BARITO UTARA, mitratnipolri.co.id
Polres Barito Utara menangani secara serius perkara dugaan tindak pidana perlindungan anak dan kekerasan seksual terhadap seorang anak perempuan berusia 14 tahun di Kecamatan Teweh Baru.
Dalam perkara tersebut, penyidik Polres Barito Utara menetapkan seorang pria berinisial AD (56) sebagai tersangka. AD diduga melakukan persetubuhan atau perbuatan cabul terhadap anak tirinya.
Peristiwa tersebut diduga terjadi pada Februari 2026 sekitar pukul 11.00 WIB di wilayah Kecamatan Teweh Baru.
Kasus ini terungkap setelah korban menjalani pemeriksaan dan wawancara oleh dokter spesialis kejiwaan. Dalam pemeriksaan tersebut, korban diketahui mengalami trauma berat hingga depresi.
Korban kemudian memberanikan diri menceritakan kepada dokter spesialis kejiwaan dan pelapor berinisial ST (53) bahwa dirinya diduga pernah mengalami pencabulan dan persetubuhan yang dilakukan oleh ayah tirinya sebanyak dua kali.
Setelah mengetahui dugaan peristiwa tersebut, ST merasa keberatan dan kemudian melaporkannya kepada Polres Barito Utara untuk mendapatkan penanganan serta proses hukum.
Menindaklanjuti laporan tersebut, penyidik Polres Barito Utara melakukan serangkaian pemeriksaan terhadap pihak-pihak yang berkaitan dengan perkara. Dalam proses penyidikan, AD mengakui telah melakukan persetubuhan atau perbuatan cabul terhadap anak tirinya.

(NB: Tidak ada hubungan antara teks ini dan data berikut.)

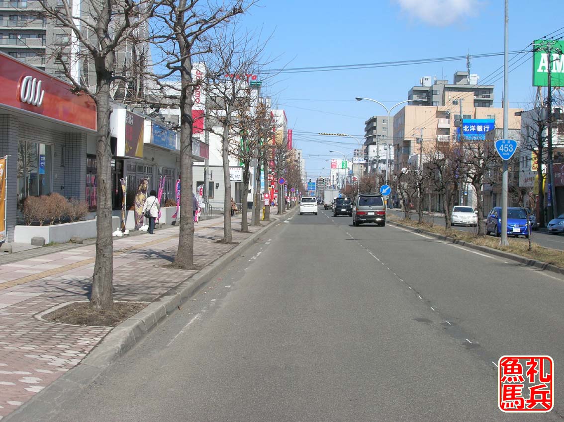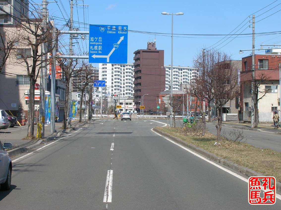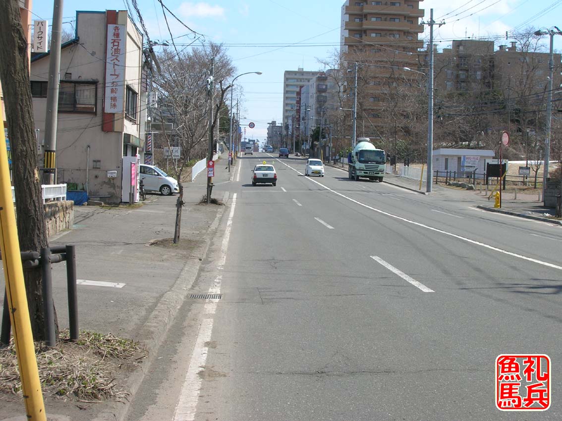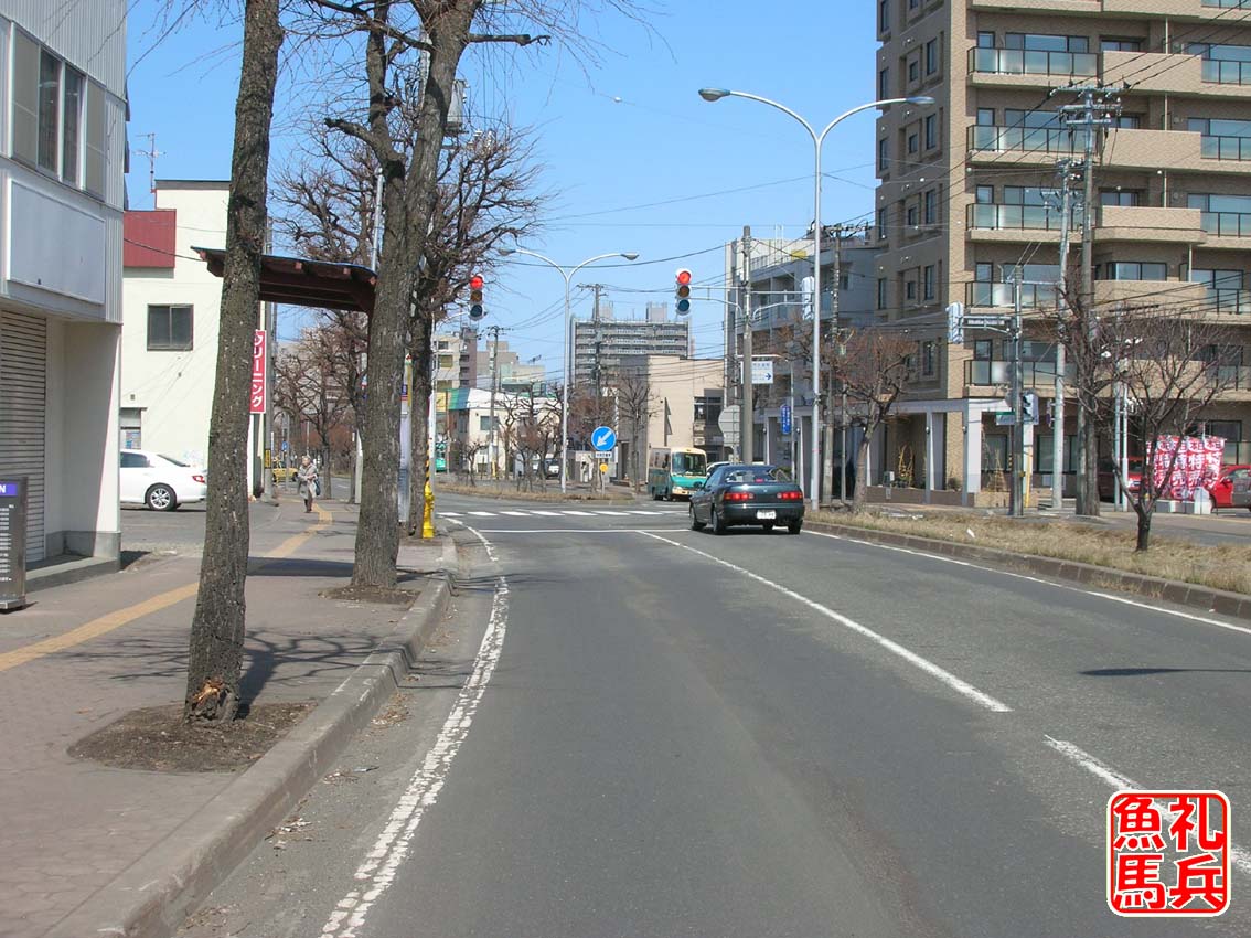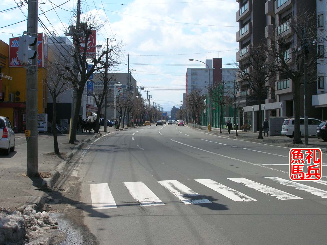 この交差点を左折すると平岸通りに入り、すぐ5km地点です。

Penyidik juga mengamankan sejumlah barang bukti berupa satu lembar baju daster dan satu lembar celana dalam. Selain itu, seorang saksi berinisial ISL (52) telah dimintai keterangan untuk kepentingan penyidikan.
Kapolres Barito Utara melalui Kasubsipenmas Sihumas Polres Barito Utara menyampaikan bahwa kepolisian berkomitmen memberikan perlindungan kepada anak serta menangani setiap laporan terkait kekerasan seksual secara serius dan profesional.

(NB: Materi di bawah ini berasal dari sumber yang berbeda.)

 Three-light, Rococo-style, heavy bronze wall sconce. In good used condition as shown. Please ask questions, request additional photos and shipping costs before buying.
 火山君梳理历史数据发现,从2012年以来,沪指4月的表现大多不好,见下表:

“Polres Barito Utara berkomitmen untuk memberikan perlindungan terhadap anak dan menindaklanjuti setiap laporan terkait tindak pidana kekerasan seksual secara serius, profesional, dan sesuai dengan ketentuan hukum yang berlaku,” ujar Kasubsipenmas.
Polres Barito Utara menegaskan bahwa penanganan perkara tersebut merupakan bagian dari komitmen kepolisian dalam memberikan rasa aman kepada masyarakat, khususnya dalam melindungi anak dari segala bentuk kekerasan dan tindak pidana seksual di wilayah hukum Polres Barito Utara.